Ken Danby,  D.F.A. (6 March 1940 – 23 September 2007) was a Canadian painter. Danby is best known for creating highly realistic paintings that study everyday life.  His 1972 painting  At the Crease, portraying a masked hockey goalie defending his net, is widely recognized and reproduced in Canada.

Early life and education
Danby was born and grew up in Sault Ste. Marie, Ontario. He began drawing and painting in high school. He enrolled at the Ontario College of Art in 1958.

Career
Early in his career, Danby experimented with abstract expressionism.
In August 1961, Danby participated in the first Toronto Outdoor Art Exhibition (TOAE) in the parking lot of the Four Seasons hotel, located at that time on Jarvis Street in Toronto. Danby won the "Best of Exhibition" prize with an untitled abstract, currently in the collection of the artist.

Danby later focused on realism in most of his work, and developed his skill with watercolour.  His first solo exhibition in 1964 sold out.

In 1975, Danby was elected a member of the Royal Canadian Academy of Arts. He designed four coins for the 1976 Montreal Olympics.

He also received the Jessie Dow Prize, the 125th Anniversary Commemorative Medal of Canada, the City of Sault Ste. Marie's Award of Merit and both the Queen's Silver and Golden Jubilee Medals.

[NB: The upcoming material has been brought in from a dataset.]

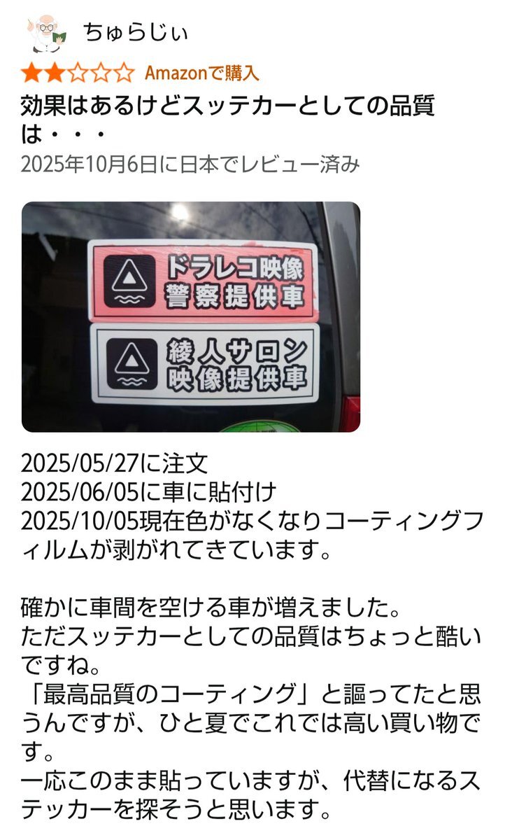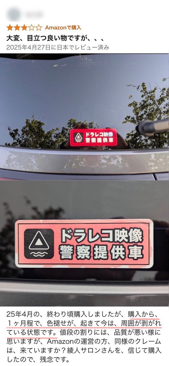 【#綾人サロン ステッカー速攻色褪せ伝説再び】 YouTuber世論調査で報告された Amazonレビューの色褪せステッカー 初の「赤」 今までの報告で最短の1ヶ月で色褪せ() 今回の色褪せ報告後期警察提供者タイプですが、まさか前期タイプの色褪せが発覚してから何も対策をせず発売したのでしょうか? ↓ x.com/Ayagikai/statu…

In the 1980s, Danby painted a number of watercolours about the America's Cup and portrayed Canadian athletes at the 1984 Winter Olympics in Sarajevo. Danby has served on the governing board of the Canada Council and as a member of the Board of Trustees of the National Gallery of Canada.

In 1997, Danby received an Honorary Doctorate of Fine Arts from Laurentian University in Sudbury, Ontario.

In 1999 Danby had a studio near Guelph. In 2001, he was vested in both the Order of Ontario and the Order of Canada.

A school on Grange Road in Guelph, Ontario was named after Danby. Ken Danby Way in his home town of the Sault Ste. Marie includes the Public Library and fittingly, the Art Gallery of Algoma. He was inducted into the Sault's Walk of Fame in 2006.

In 2016, the Art Gallery of Hamilton organized a retrospective of Danby's work, entitled Beyond the Crease.

For approximately three decades until his death, Danby lived and painted in a rural property near Guelph, Ontario, and spent years restoring the historic Armstrong Mill; some of his art work features the property. From November 2016 to January 2017, the Guelph Civic Museum exhibited examples of Danby's work including his Wayne Gretzky portrait, The Great Farewell.

Death 
On 23 September 2007, Danby collapsed while on a canoe trip in Algonquin Park near North Tea Lake with his wife Gillian Danby and friends. The party summoned help, but paramedics were unable to revive him.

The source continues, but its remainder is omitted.